Een servicetag vertegenwoordigt een groep IP-adresvoorvoegsels van een bepaalde Azure-service. Microsoft beheert de adresvoorvoegsels die worden omvat door de servicetag en werkt de servicetag automatisch bij naarmate de adressen veranderen, waardoor de complexiteit van frequente updates voor netwerkbeveiligingsregels wordt geminimaliseerd. Zie het overzicht van servicetags voor meer informatie over servicetags.

U kunt servicetags gebruiken om netwerktoegangsbeheer voor netwerkbeveiligingsgroepen of Azure Firewall te definiëren. Gebruik servicetags in plaats van specifieke IP-adressen wanneer je beveiligingsregels maakt. Door de naam van de servicetag (bijvoorbeeld EventHub) op te geven in het juiste bron - of doelveld van een regel, kunt u het verkeer voor de bijbehorende service toestaan of weigeren.

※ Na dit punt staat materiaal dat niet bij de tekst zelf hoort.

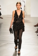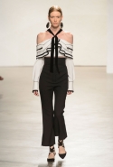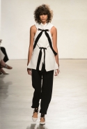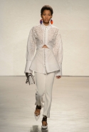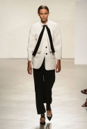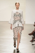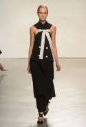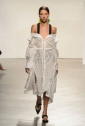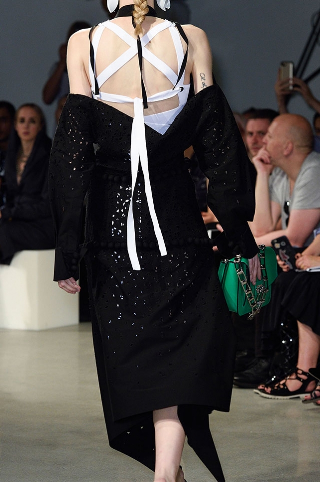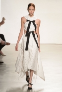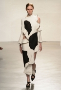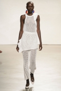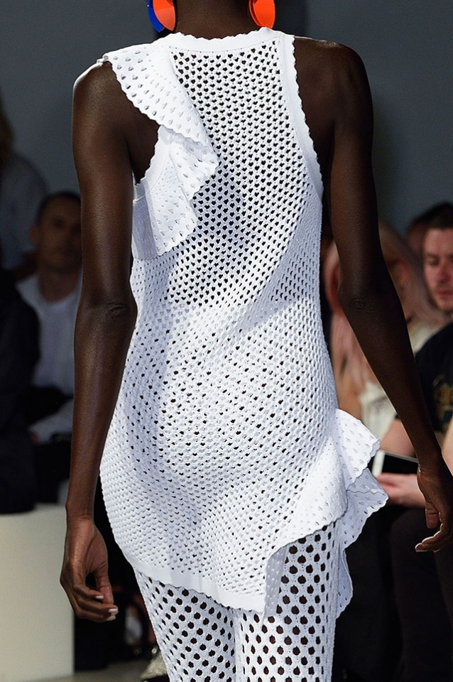 После открытых плеч и оборок начинается самая сложная и самая интересная часть: здесь все то, что мы видели в первой половине шоу, Эрнандес и МакКалоу начинают методично уничтожать, резать, растаскивать на части. Бумажные жилеты расползаются, лацкан с одной стороны скукоживается, превращаясь в странный комок, пуговицы отрываются и повисают печальным рядом вместо того, чтобы степенно удерживать всю эту новую конструкцию в рамках приличий. Сетчатые платья (вот, кстати, самый сложный предмет: обычно стоит им появиться в коллекции, как все тут же превращается в выпускной показ еще одного бунтаря из модной школы) обтягивают тело неравномерно, где-то почти целиком обнажая кожу, где-то только заблюривая.

Servicetag Doel Kunt u binnenkomend of uitgaand gebruiken? Kan het regionaal zijn? Kan dit worden gebruikt met Azure Firewall?
EventHub Azure Event Hubs. Uitgaand Ja Ja

Notitie

De Azure Event Hubs-servicetag bevat een aantal IP-adressen die door Azure Service Bus worden gebruikt vanwege historische redenen.

IP-firewall

Event Hubs-naamruimten zijn standaard toegankelijk vanaf internet zolang de aanvraag wordt geleverd met geldige verificatie en autorisatie. Met IP-firewall kunt u deze verder beperken tot alleen een set IPv4- of IPv6-adressen of adresbereiken in CIDR-notatie (Classless Inter-Domain Routing).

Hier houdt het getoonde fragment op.